L'économie américaine a repris de la vigueur au premier trimestre, grâce en partie aux investissements associés à la course à l'IA, mais connaît une forte accélération de l'inflation du fait de l'envolée des prix de l'énergie.

Une salve de données a été publiée jeudi par le service statistique officiel des États-Unis BEA.

Elles montrent que la première économie mondiale a entamé l'année avec une croissance de 2% en rythme annualisé, une cadence nettement supérieure au trimestre précédent (0,5%) mais en deçà des attentes des marchés.

Les États-Unis mettent en avant le rythme annualisé, qui projette sur l'ensemble de l'année l'évolution observée pendant trois mois.

Cette reprise "reflète une augmentation des investissements, des exportations, de la consommation et des dépenses publiques", souligne le BEA.

Point négatif pour le PIB, les importations ont également augmenté sur la période.

La hausse des investissements est notable dans les équipements (+17,2%), en particulier informatiques, et les produits à propriété intellectuelle (+13%), catégorie intégrant les logiciels.

Un porte-parole de la Maison-Blanche, Kush Desai, y a vu un signe de succès de la "politique pro-croissance" du gouvernement de Donald Trump.

Économie de l'IA

Pour des analystes, c'est la marque de l'expansion de l'intelligence artificielle dans le pays.

L'économiste Oliver Allen, de Pantheon Macroeconomics, estime ainsi dans une note que "la hausse continue des dépenses d'investissement liées à l'IA" masque le fait que la croissance était "atone avant le choc énergétique" lié à la guerre au Moyen-Orient.

"Nous sommes désormais dans une économie de l'IA", considère Heather Long, de la banque Navy Federal Credit Union.

"Pendant ce temps, les gens lambda souffrent de l'inflation la plus élevée depuis trois ans".

Selon un autre rapport du BEA publié jeudi, la hausse des prix s'est fortement accélérée en mars aux États-Unis, à 3,5% sur un an contre 2,8% le mois précédent, sous l'effet de la flambée des prix des carburants consécutive à la guerre.

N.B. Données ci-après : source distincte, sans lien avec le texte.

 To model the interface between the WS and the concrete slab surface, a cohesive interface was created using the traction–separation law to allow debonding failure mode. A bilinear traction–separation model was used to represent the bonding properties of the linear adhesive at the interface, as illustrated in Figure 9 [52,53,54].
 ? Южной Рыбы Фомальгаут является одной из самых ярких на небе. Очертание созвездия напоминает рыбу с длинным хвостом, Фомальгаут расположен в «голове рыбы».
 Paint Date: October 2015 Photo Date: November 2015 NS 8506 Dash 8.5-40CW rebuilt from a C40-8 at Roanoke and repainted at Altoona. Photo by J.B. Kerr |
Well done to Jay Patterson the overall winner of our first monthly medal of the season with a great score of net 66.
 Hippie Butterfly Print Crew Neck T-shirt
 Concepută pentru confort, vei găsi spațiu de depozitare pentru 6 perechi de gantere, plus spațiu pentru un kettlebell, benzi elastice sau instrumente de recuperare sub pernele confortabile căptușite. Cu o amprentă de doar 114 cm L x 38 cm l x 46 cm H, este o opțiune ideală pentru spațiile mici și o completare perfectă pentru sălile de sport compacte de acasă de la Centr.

La situation n'est pas près de s'améliorer: les prix à la pompe viennent de dépasser la barre symbolique de 4,30 dollars le gallon (3,78 litres) en moyenne sur le sol national, selon les données de l'Association automobile américaine (AAA), qui font référence.

Le hic, c'est que l'essence n'est pas le seul poste de dépense en hausse pour les Américains.

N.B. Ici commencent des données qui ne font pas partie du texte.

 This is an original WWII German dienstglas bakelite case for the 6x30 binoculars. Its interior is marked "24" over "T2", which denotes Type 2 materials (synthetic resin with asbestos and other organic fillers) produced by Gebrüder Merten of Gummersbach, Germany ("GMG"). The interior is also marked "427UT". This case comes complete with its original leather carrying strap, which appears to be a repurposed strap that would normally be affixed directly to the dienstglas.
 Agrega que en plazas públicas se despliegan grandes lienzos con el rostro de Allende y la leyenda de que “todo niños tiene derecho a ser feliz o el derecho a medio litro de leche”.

L'inflation s'est aussi accélérée hors prix volatils de l'énergie et de l'alimentation, à 3,2% en mars contre 3% en février, d'après le BEA.

La guerre au Moyen-Orient, déclenchée le 28 février par des frappes israélo-américaines sur l'Iran, semble dans une impasse et les cours du pétrole atteignent un niveau plus vu depuis 2022.

A quelques mois des élections de mi-mandat, le gouvernement de Donald Trump assure que les perturbations économiques sont temporaires pour les Américains. Le locataire de la Maison-Blanche avait fait de la reconquête du pouvoir d'achat une de ses priorités.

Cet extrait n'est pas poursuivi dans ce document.